Is the solar sector finally bottoming out?

As the RE+ conference wraps up, optimism grows that the solar industry may be turning the corner after years of challenges.

Bottom line

As the RE+ conference concludes, we’re growing more optimistic about the solar sector and the industry appears to be bottoming out. Both U.S. residential and utility-scale solar are projected to deliver double-digit growth in 2025. Investor confidence is likely to increase as they seek opportunities in small and mid-cap stocks well-positioned to benefit from lower rates.

What happened

This week, the RE+ conference, North America's largest clean energy event, took place in Anaheim (CA), bringing together more than 40,000 industry participants. Key players in the solar industry gathered to unveil new products and share insights on market trends. Despite the industry's recent challenges, a recurring theme at the conference was optimism about the future of both utility-scale and residential solar.

In the U.S. residential solar segment, companies largely believe that demand bottomed out in the first half of 2024 and is now gradually recovering. Most now expect low double-digit growth in 2025 (following flattish to negative 2024), driven by rising power prices and the potential for lower interest rates. U.S. manufacturers are also set to benefit from expanded domestic content tax credits under the Inflation Reduction Act (IRA), which is expected to further boost demand.

On the U.S. utility-scale solar side, sentiment was similarly positive, with most companies projecting double-digit YoY growth in 2025, also fueled by higher power prices and greater policy clarity, particularly around the IRA’s domestic content provisions (ITC adders). While challenges such as interconnection delays and transformer shortages remain, most participants expect a more favorable environment next year. Companies like First Solar and Array reiterated strong growth expectations for 2025, reflecting the sector's overall momentum.

Impact on our Investment Case

We’re starting to see the first signs that the solar industry is bottoming out after a challenging three-year period marked by supply chain disruptions, tariff uncertainties, and financing hurdles. Both the U.S. residential and utility-scale segments have shown improving sentiment, with companies now forecasting a return to double-digit growth in 2025. This recovery, combined with clearer policy support, signals that the worst may be behind us.

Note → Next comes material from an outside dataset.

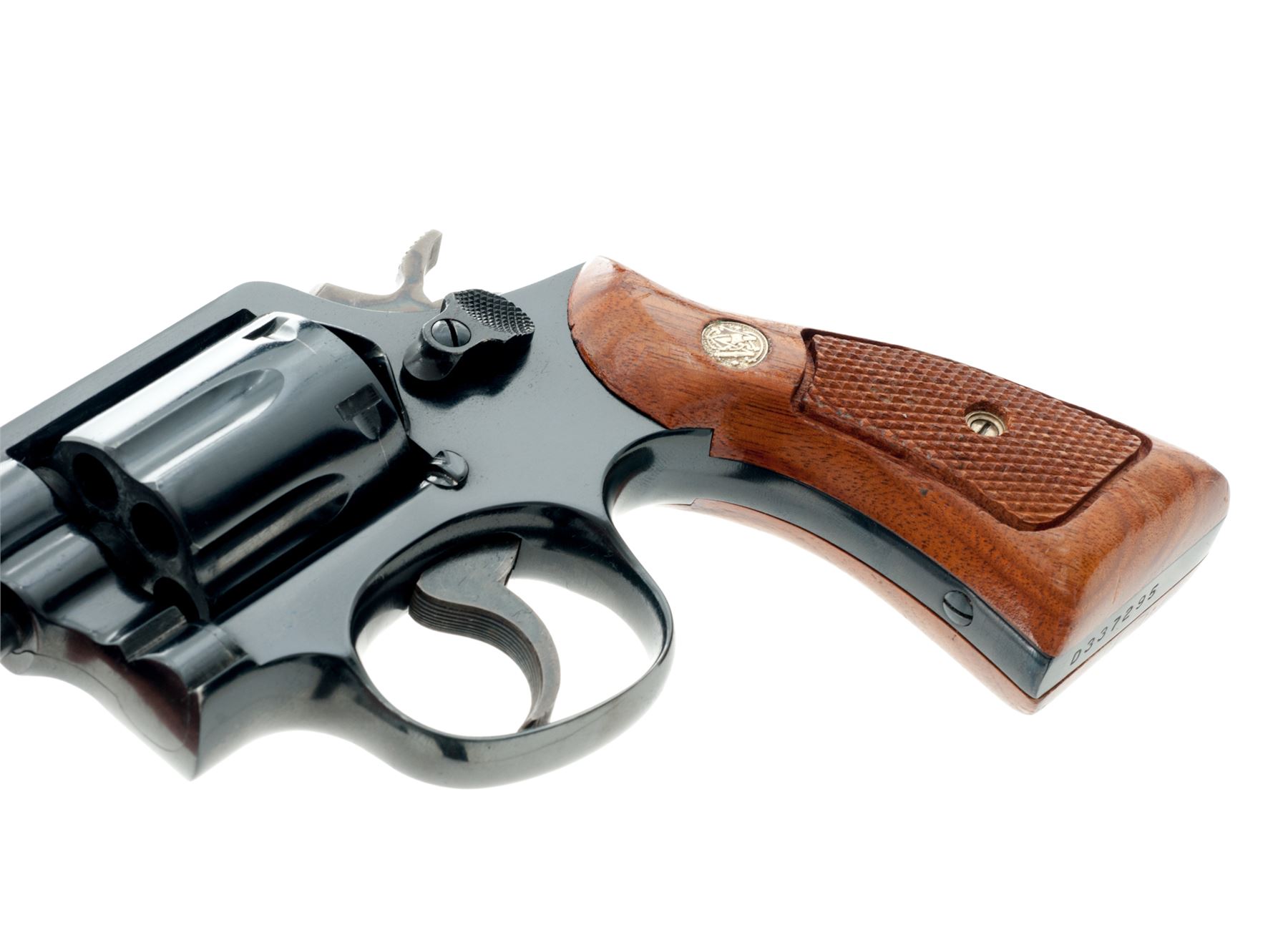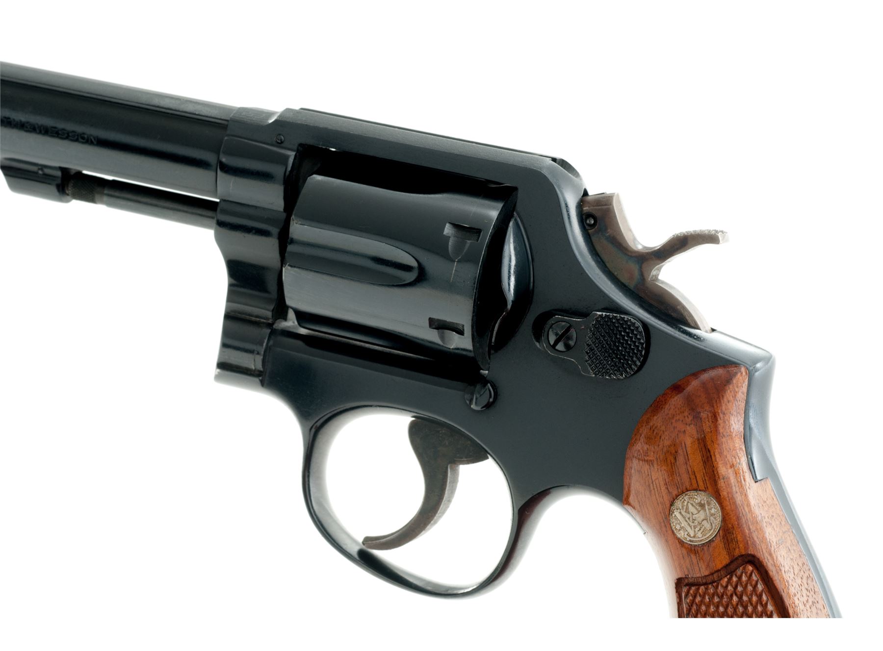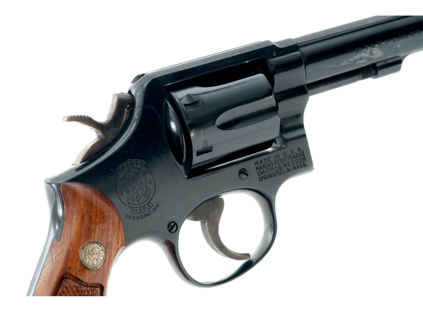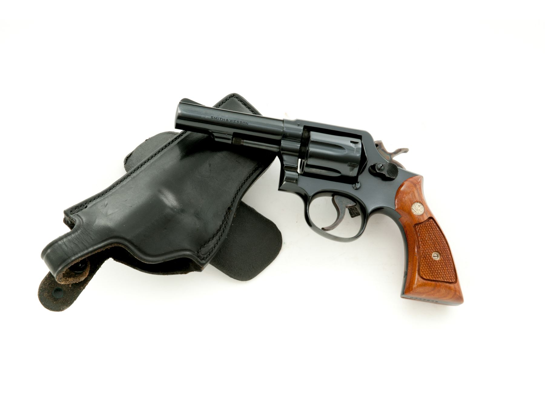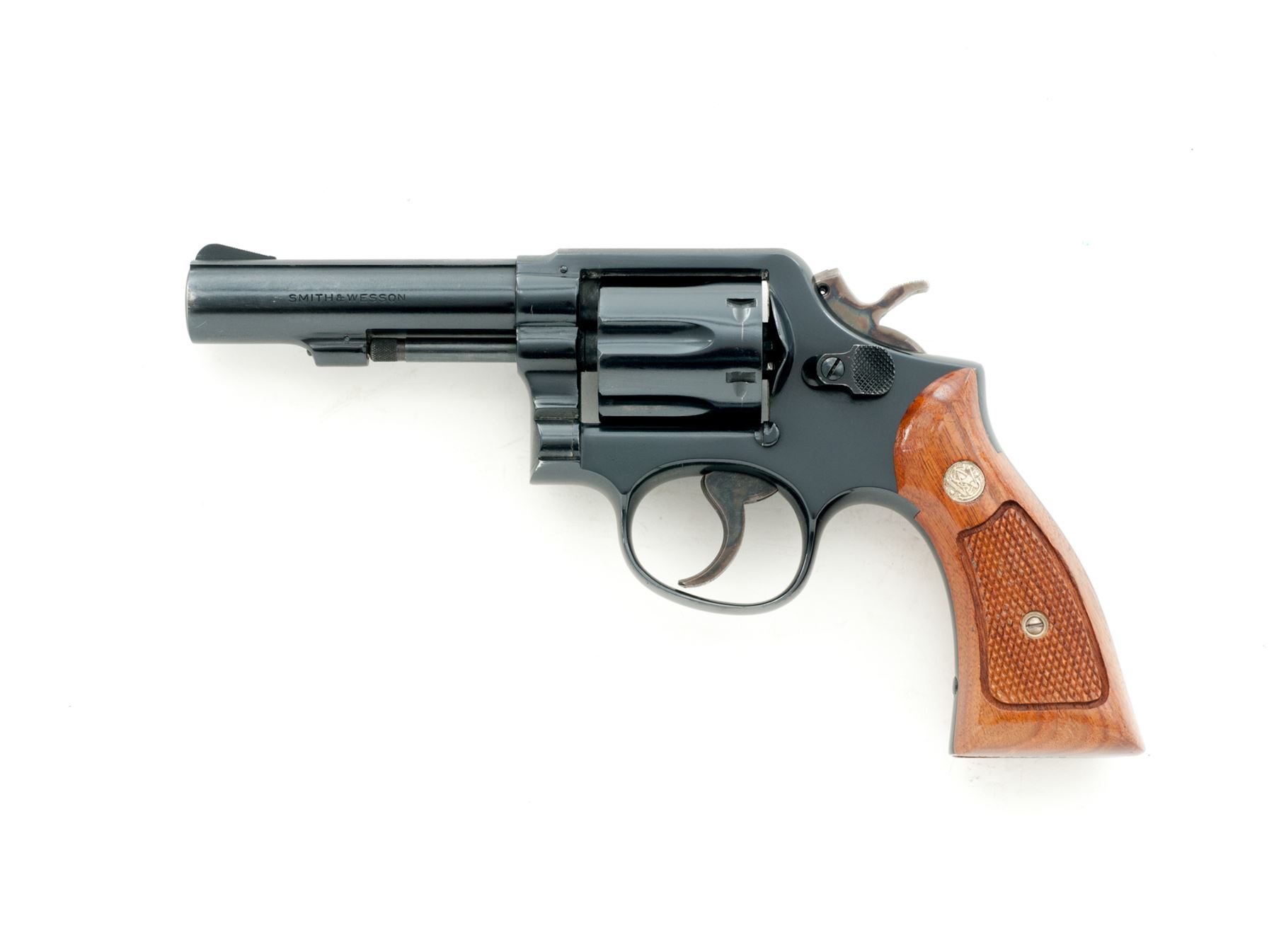 Smith & Wesson Model 10-6 Double Action Revolver, #D337295, .38 Spec. cal., 4'' heavy barrel, blue finish, factory checkered walnut grips with S&W medallions; grips are numbered to the gun, standard fixed sights, with case hardened hammer and trigger. Mfg'd circa 1971-1972. Included is a right-hand black leather Safariland holster. Approx. 97% factory polished blue finish remains and metal surfaces rate as near excellent overall. Muzzle wear accounts for most of the finish loss, metal with scattered slight scratches and small handling marks. Cylinder with a thin index line. Hammer and trigger with approx. 97% case colors. Factory lettering is clear and defined. Right grip rates very good and shows normal light to moderate wear; left grip with finish loss along the bottom edge, as well as scattered handling marks and a more noticeable impression towards the top edge, both with only a little wear to the checkering. Smooth crisp action with an excellent bore. Holster shows normal light carry wear. Est.: $350-$550. (Modern/PPT)

The IRA, passed two years ago, is now materializing with clearer guidelines for both the production and deployment sides of the industry. On the manufacturing front, the impact has been significant. Solar manufacturing investments have surged tenfold, from $890mn in the two years before the IRA to about $10bn since the law’s passage. This reflects the growing confidence and commitment to domestic solar manufacturing, particularly as companies capitalize on the manufacturing tax credits and deployment incentives like the ITC domestic content adders.

Solar remains a rate-sensitive industry. In the residential segment, many homeowners rely on loans to finance their solar installations, while utility-scale projects are capital-intensive and financed largely through debt. As a result, any reduction in interest rates will likely provide a meaningful tailwind for the sector, potentially lowering financing costs and spurring further growth in both segments.

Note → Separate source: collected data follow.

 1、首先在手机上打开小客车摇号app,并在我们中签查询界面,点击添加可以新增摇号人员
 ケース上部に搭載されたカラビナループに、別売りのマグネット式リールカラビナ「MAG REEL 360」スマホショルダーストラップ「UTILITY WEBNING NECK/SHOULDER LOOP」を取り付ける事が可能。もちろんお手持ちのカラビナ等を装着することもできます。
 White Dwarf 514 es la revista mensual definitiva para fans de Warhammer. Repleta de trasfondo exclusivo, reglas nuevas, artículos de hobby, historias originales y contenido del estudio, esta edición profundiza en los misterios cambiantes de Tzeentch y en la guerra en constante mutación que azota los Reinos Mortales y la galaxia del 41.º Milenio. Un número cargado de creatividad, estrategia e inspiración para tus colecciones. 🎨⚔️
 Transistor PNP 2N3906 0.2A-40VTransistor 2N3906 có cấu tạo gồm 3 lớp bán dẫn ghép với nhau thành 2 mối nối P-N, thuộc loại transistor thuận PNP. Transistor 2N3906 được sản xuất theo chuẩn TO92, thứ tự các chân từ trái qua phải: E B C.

Additionally, while U.S. elections are often seen as a binary event for clean energy, the solar industry has historically performed well even during the Trump administration. Much of the sector’s deployment and manufacturing occurs in red states, and we believe that even in the event of a Republican victory, the IRA is unlikely to be fully repealed. Domestic manufacturing subsidies, in particular, are expected to remain, ensuring ongoing support for U.S.-based solar production.

Investing in solar requires a deep understanding of the value chain. The global solar market is in a supply glut, with polysilicon prices at $4.9/kg and solar modules at $0.096/W, down ~50% and 25% respectively since the start of the year and both near all-time lows. This has created severe margin pressure for Chinese upstream manufacturers, many of whom are operating at a loss to preserve market share. In contrast, non-commoditized sectors like inverters (e.g. Sungrow, a leading Chinese inverter maker that we own), trackers, and project developers are better positioned to weather these conditions, benefiting from lower solar panel prices.

Our Takeaway

The solar industry is showing signs of recovery, with a noticeable shift in sentiment at the RE+ conference towards optimism. This contrasts with the hurdles highlighted at Europe’s Intersolar conference in May, where high inventory levels, low electricity prices, and political shifts, particularly in the Netherlands, pointed to a tougher environment for growth. In the U.S., clearer policies and IRA support provide stability moving forward.

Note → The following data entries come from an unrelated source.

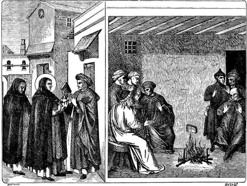 Narbonne, Viviers, Carcassonne, and Montpellier, but the heretics only displayed greater perseverance. Peter de Castelnau and Brother Ralph, disheartened at this result, enlisted in their difficult mission twelve brothers of their own order and two distinguished Spanish prelates—Diego de Azeles, Bishop of Osma, and the sub-prior of his cathedral, Dominic Guzman, who, having witnessed the progress of heresy in Languedoc, went to Italy to obtain the Holy Father’s permission to preach against it. Dominic had given proof of a gentleness, zeal, and piety worthy of the apostles, and the renown of his exemplary life was counted upon to give authority to his preaching (Fig. 331). Yet he was no less unsuccessful than the preceding commissioners sent by the pope. Insulted and mocked by an ignorant and brutal populace, he could not help exclaiming, “O Lord, let thy hand smite them, that thy punishment at least may open their eyes!” The legate Peter de Castelnau, in despair at the failure of his efforts to restore quietude and faith to men’s minds, determined to address himself directly to the Count of Toulouse, Raymond VI., and to formally demand of him to lend his aid to the papal legates, or else to proclaim openly that he sided with the heretics. After an interview during which bitter language was exchanged, two of the esquires of the Count of Toulouse believed that they would be complying with their master’s secret wishes by assassinating the courageous legate upon the banks of the Rhône (1208). Innocent III., when the news of this murder reached him, at once determined to set on foot a new crusade against the Albigenses. He appointed Milon in the room of Peter de Castelnau, and declared that he took under his immediate protection all the faithful who should take up arms for the defence of the Church. The Count of Toulouse did public penance, and his nephew Raymond Viscount of Béziers was handed over to the papal legates. The town of Béziers, taken by assault (July 22nd, 1209), was a scene of terrible carnage, for the crusaders gave no quarter—twenty thousand inhabitants were massacred without distinction of age or sex, and seven thousand were burnt in a church in which they had taken refuge.
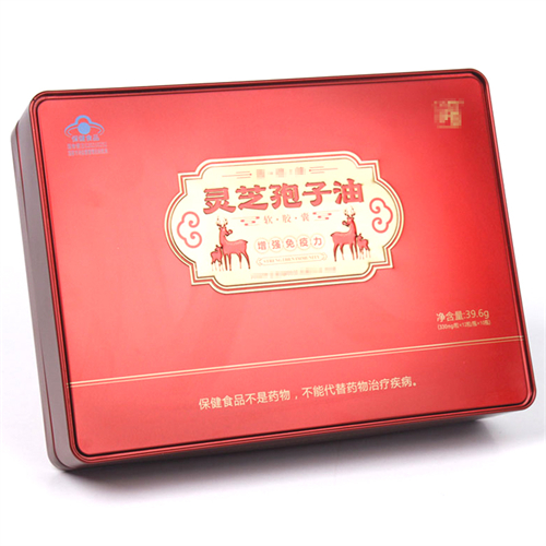 • 長方形靈芝孢子油鐵盒_馬口鐵保健品鐵盒包裝定制工廠
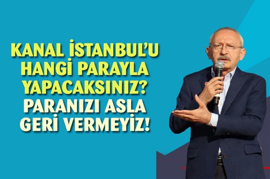 Kanal İstanbul projesinin şehre ihanet olduğunu söyleyen Kılıçdaroğlu, "Neye göre yapacaksınız. Herkes hayır diyor. Bir kişi ben yapacağım diyor. Hangi akıl, hangi mantık, hangi fizibilite, hangi para? Yapamazsın kardeşim. Zaten gideceksin. İlk seçimde gideceksin. Açık ve net söylüyorum. Hiç kimse 5 kuruş para ayırmaya kalkmasın. Ayırdıkları paranın kuruşu dahi verilmeyecektir. Bir tarihe rant gözüyle bakılabilir mi? " açıklamasında bulunarak yatırımcıyı açık açık tehdit etti.
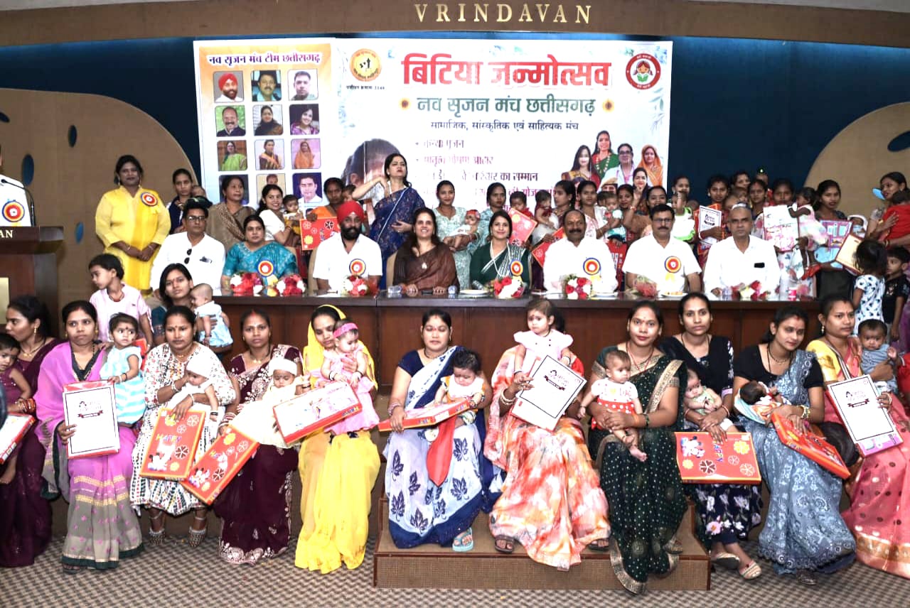 रायपुर (रायपुर) प्रदेश की प्रतिष्ठित सामाजिक संस्था नवसृजन मंच द्वारा बिटिया जन्मोत्सव का आयोजन किया गया 10 दिन से लेकर 6 माह तक की बिटिया गोद में लिए माता पिता सम्मान समारोह में पहुंचे सामाजिक संस्था नवसृजन मंच द्वारा आयोजित बिटिया जन्मोत्सव आयोजन के अंतर्गत 201 बेटियों के माता पिता का सम्मान किया गया। संस्था नवसृजन के प्रदेश अध्यक्ष अमरजीत सिंह छाबड़ा ने बताया की बेटियों के जन्म को प्रोत्साहित करने संस्था पिछले 10 वर्षों से यह आयोजन करती आ रही है जिसमे अब तक हजारों परिवारों को इस आयोजन के अन्तर्गत सम्मानित किया जा चुका है।
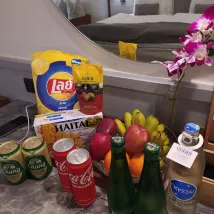 И ещё, на Пхукете только в этом отеле есть такой бонус: все, что в холодильнике и на столе бесплатно): 2 баночки колы, 2 баночки пива, оливки, чипсы, печенье, 2 бутылочки минеральной воды, 2 стеклянные бутылочки обычной воды, фруктовая корзина: бананы, яблоки, апельсины. Молодцы!!! Спасибо!!!
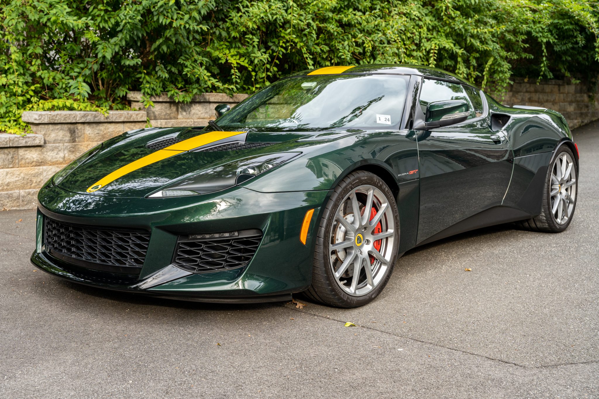 Forged alloy wheels measure 19″ in front and 20″ out back, and are mounted with 245/35 and 295/30 Michelin Pilot Sport Cup 2 tires. The car is equipped with driver-selectable ESP modes, and the brake system utilizes ventilated and cross-drilled rotors with four-piston AP Racing calipers at each corner. The brake fluid was flushed during second-annual service by Aston Martin Summit in April 2022.
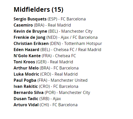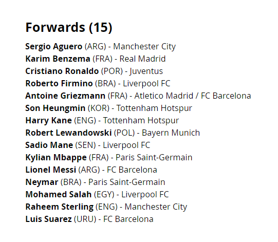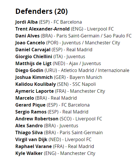 وضمت قائمة حراس المرمى كلاً من: أوبلاك حارس أتلتيكو مدريد الإسبانى، وأليسون حارس ليفربول الإنجليزي، ودافيد دى خيا حارس مانشستر يونايتد الإنجليزى، وشتيجن حارس برشلونة الإسبانى، وإيدرسون حارس مانشستر يونايتد الإنجليزى.
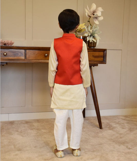 Red Golden Embroidery Jacket with Golden Kurta ...

Despite positive tailwinds, the sector still faces challenges notably due to interconnection and permitting delays  which are causing project backlogs. The limited availability of power transformers, critical for connecting solar plants to the grid, remains a key bottleneck, impacting the pace of utility-scale project completions.

Currently, we maintain ~20% exposure to the solar sector, which is at the lower end of our historical range. This focus is primarily on U.S.-based companies that benefit from full IRA support, including domestic solar module makers, trackers, and microinverters. As the positive sentiment and key catalysts materialize, we are set to rebuild our exposure and increase our positions.